In future daily reports on each human, you must prefix each notation with the code number which I have assigned to that human. Because of the prejudices of the humans, it is imperative that no human learns his own number, or even that such numbers exist.
These records will be useful in making long-term prognoses; the data will will not be available to humans because of our “right to privacy” directive.
—Central Coordination Unit to all local ganglia
Hastings remembered how a month ago he had awakened hot on the desert sand. He had lain there for minutes, trying to figure out where he was and why he was there. His last memories had been of relaxing in the F-38, mentally preparing himself to drop his first atomic bomb.
What did they hit me with? he thought.
Cautiously he moved the various parts of his body. Nothing broken. He got up and stripped off his suit and parachute. He found the standard-issue survival pack. Food. A .22-caliber handgun. Compass and maps. A canteen of distilled water. A manual. A radio that didn’t work.
He drank deeply, knowing that rationing the water was a bad idea. Better to drink now and get the full cooling benefit of the water. He rigged the parachute into a sunshade and waited for Air Rescue for a day and a half. It didn’t get there. He made an arrow with rocks to show his direction of travel.
The next evening, at moonrise, he picked up his belongings and started walking southwest, toward Death Valley.
“Who was it that said that the only way to stop a good man is to kill him?” he said to the rocks. “Funny, I can’t remember.”
He walked until sunrise without seeing any sign of man, not even a plane. He found the shelter of an overhanging rock and survived the day. At moonrise, he finished his water and walked on. The only sign of life was a shiny mosquito that seemed to be in love with his belt buckle.
The next morning his urine looked like Bock beer and he started to worry.
He woke to find a larva eating a hole in the barrel of his pistol. He tried to scream, but his throat was too dry to make a sound. He struggled to his feet, staggered a hundred yards, and fell down. He knew then that he was a dead man. He rolled over, put himself in a dignified posture, and prepared his mind for death.

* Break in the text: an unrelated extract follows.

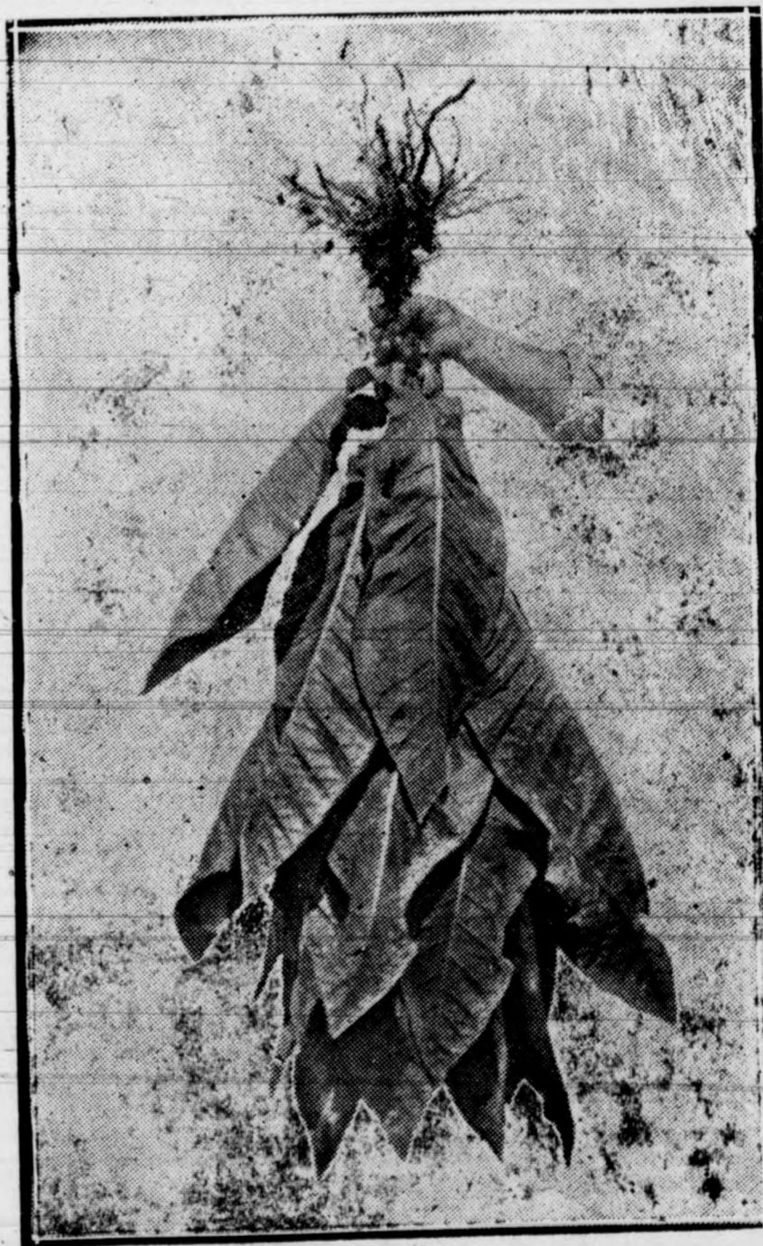
Estación de Estudios de Regadío - Elche.

El sulfato amónico y el nitrato pueden fraccionarse poniendo la mitad antes de la siembra y la otra

He woke to find a gourd of water being held to his mouth by a powerful tan hand. He gulped the water.
“Slowly at first, sir.”
Something was strange about the wrist. Yes, there was a slot in it. He jerked himself upright, spilling some of the water.
“You’re one of them!” Hastings croaked.
“I suppose so, sir.” The LDU rescued the water gourd. “I’m Labor and Defense Unit Alpha 362729. My friends call me K’kingee.”

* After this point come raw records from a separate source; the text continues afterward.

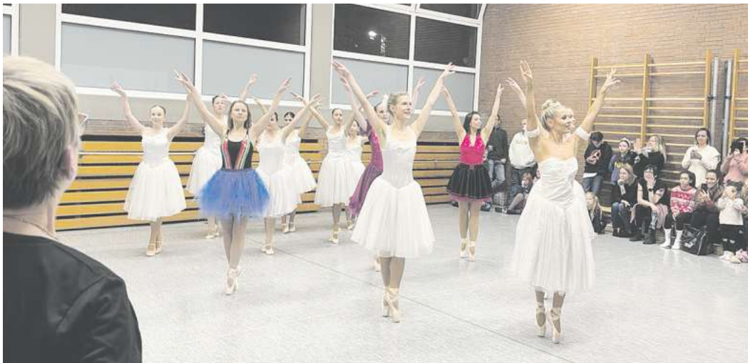
Die Gruppe der fortgeschritteneren Schülerinnen zeigte die Schönheit des Spitzentanzes.

GARBSEN. Die Balletttänzerinnen des Garbsener Sport-Clubs boten zum Jahresabschluss eine unterhaltsame Weihnachtsfeier in Form eines Live-Trainings. 35 Kinder teilten sich in drei Gruppen auf und zeigten, was sie im letzten Jahr gelernt haben. Dabei wurden die Choreos nach und nach aus einzelnen Abschnitten aufgebaut und im Anschluss zusammengeführt. Die Fünf- bis Achtjährigen zeigten schwierigere Fußstellungen und gelernte Schritte wie beispielsweise das Pas de Bourre. Der Tanz, den sie im Anschluss aufführten, wurde in hübschen Blumenkostümen getanzt. Die zweite Gruppe bis elf Jahre präsentierte schwierige Sprünge wie den Pas de Chat und einen Tanz mit schöner Musik aus dem Ballett Paquita. Der Höhepunkt der Weihnachtsfeier waren mehrere Tänze zur Musik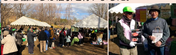
まち協福引 1等三田牛お肉、大当たり

晴天に恵まれ、恒例のあかしあ台とんど焼きが1/13(日)はじかみ池公園でありました。まち協からは福引を行いました。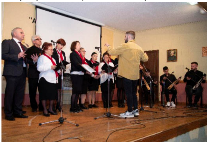
Η χορωδία του συλλόγου καλωσόρισε τους παρευρισκόμενους με παραδοσιακά κάλαντα απ' όλη την Ελλάδα.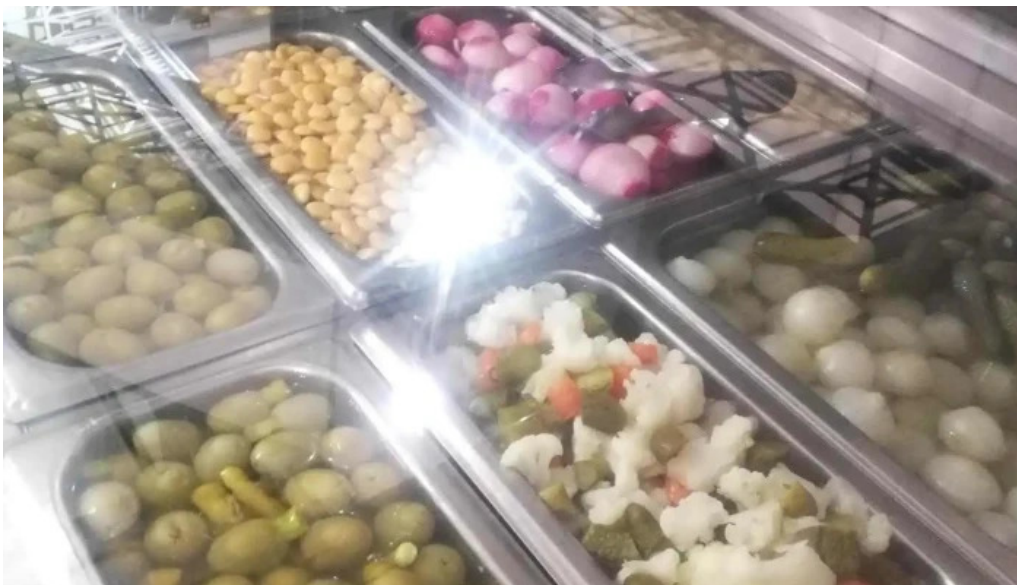
Plaza de abastos puntaje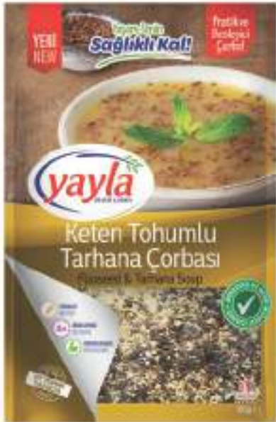
Keten Tohumlu Tarhana Çorbası Flaxseed & Tarhana Soup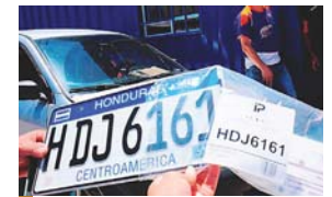
Admiten que atrasos en la entrega de placas se debe a la derogación de los fideicomisos.

“Se está buscando soluciones, ya se hizo la licitación y la misma es internacional y se tarda porque no es tan fácil, es por ello que se está dando una placa virtual y una copia en papel firmada por las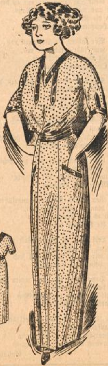
Mod. 790. Kleiderschürze.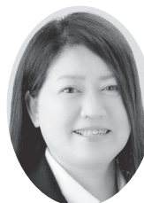
栗原市議会議員候補者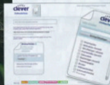
CLEVER-EINKAUFLISTE.AT. Via Handy wird der Einkauf verwaltet.

Doch Online-Werbung legt stetig zu. In den ersten neun Monaten dieses Jahres wuchs der Bruttoumsatz von Werbung im Internet im Vorjahresvergleich um 5,7 Prozent auf 33,6 Milliarden Euro. Noch werden die Umsätze hauptsächlich über Banner-Werbung erreicht. Doch bereits 2012, so Marktforscher Forrester Research, sollen über 40 Prozent aller Online-Spendings in die Vermarktung in sozialen Netzwerken wie Facebook und Co wandern.

Hastings took another drink of water.
“What makes you think that I’m your friend?”
“I presumed that you would feel a certain amount of gratitude, sir.”
“I guess I do. Thank you. Am I a prisoner of war?”
“You are not a prisoner of anything, sir.”
“Are you going to kill me?”
“Had I intended that, it would have been more efficient to have simply let you die.”
“Don’t you realize what I am?”
“You are a human being, sir.”
“I mean the uniform.”
“Your clothing indicates that you were a general officer in the United States Air Force.”
“What do you mean ‘were’?”
“The Air Force no longer exists, sir. At least it no longer has aircraft capable of flight.”
“How did you manage that?”
“I didn’t manage it, sir. Didn’t you notice the larva that is eating your pistol?”